IRC section 4941(d)(1) lists self-dealing transaction that take place between the private foundation and a disqualified person. “Self-dealing” includes, among other transactions, direct or indirect transactions between private foundation and a disqualified person such as sales or exchange, or leasing, of property; lending of money or other extension of credit; furnishing of goods, services or facilities; and payment of compensation or payment or reimbursement of expenses.
Of course, as with any good tax statute, there are many exceptions to these self-dealing transactions. For example, a private foundation may furnish facilities to a disqualified person if the furnishing is made on a basis no more favorable than that which the facilities are made available to the general public
Penalty: Five- to 200-percent of the amount involved.
IRC section 4942 requires private foundations to distribute a certain amount of its assets on a yearly basis. That statute, which is a labyrinth of definitions and math equations, generally requires a private foundation to make “qualified distributions” in an amount equal to five-percent of the fair market value of the foundation’s non-charitable assets.
The methodology for calculating the fair market value of the foundation’s non-charitable assets varies depending on the nature of the asset (e.g., securities are valued differently than land). Qualified distributions include reasonable administrative expenses, amounts paid to accomplish one of the charitable goals of the foundation, and amounts paid to acquire an asset used directly in carrying out the foundation’s charitable goals. Qualified distributions in excess of five-percent requirement can be carried over to five subsequent years.
Penalty: Thirty- to 100-percent of the amount that should have been distributed.
Excess Business Holdings
IRC section 4943 provides that a private foundation and its disqualified persons may not—together—own more than 20 percent of voting stock in a business enterprise. Again, there are exceptions to this rule. The two-percent de minimis rule provides an exception to the excess business holdings rules if the private foundation owns 2 percent or less of the voting stock and 2 percent or less in value of all outstanding shares of all classes of stock. Additionally, a private foundation and its disqualified persons may own up to 35 percent of a business enterprise if it can be shown that one or more persons who are not disqualified persons have effective control of the enterprise.
Penalty: Sale of investment to comply with requirements; possible 10-percent tax on the value of excess business holdings.
IRC section 4944 provides private foundations may not invest in a manner as to jeopardize the carrying out of any of its exempt purposes.
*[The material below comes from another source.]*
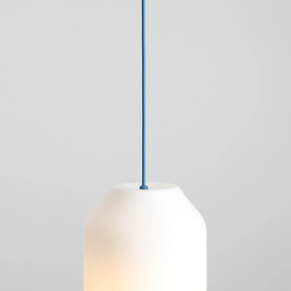 • Średnia, minimalistyczna lampa wisząca z błękitnym kablem FLASK SAPPHIRE M proj. Mikołaj Nicer (Nicer Design)

While there is no hard and fast rule as to what type of investments would run afoul of this rule, prudent investments would tend to not “jeopardize the carrying out of any” of the private foundation’s exempt purposes.
Penalty: Removal of investments “from jeopardy”; ten-percent tax on the jeopardizing investment.
IRC section 4955 precludes private foundations from making “taxable expenditures.” Taxable expenditures include, among others, amounts paid or incurred to lobby; to influence the outcome of a specific public election; or as a grant to an individual for travel, study, or other similar purpose (unless certain procedures are put in place).
Penalties: Five- to 50-percent of the taxable expenditure.
Excise Tax on Net Investment Income
As with other tax-exempt organizations, private foundations generally do not pay income tax. Private foundations do, however, pay an annual 1- or 2-percent excise tax on their net investment income. This tax is used to offset the Federal government’s expenses incurred to regulate private foundation.
The material in this blog is not intended, nor should it be construed or relied upon, as legal advice. Please consult with an attorney if specific legal information is needed.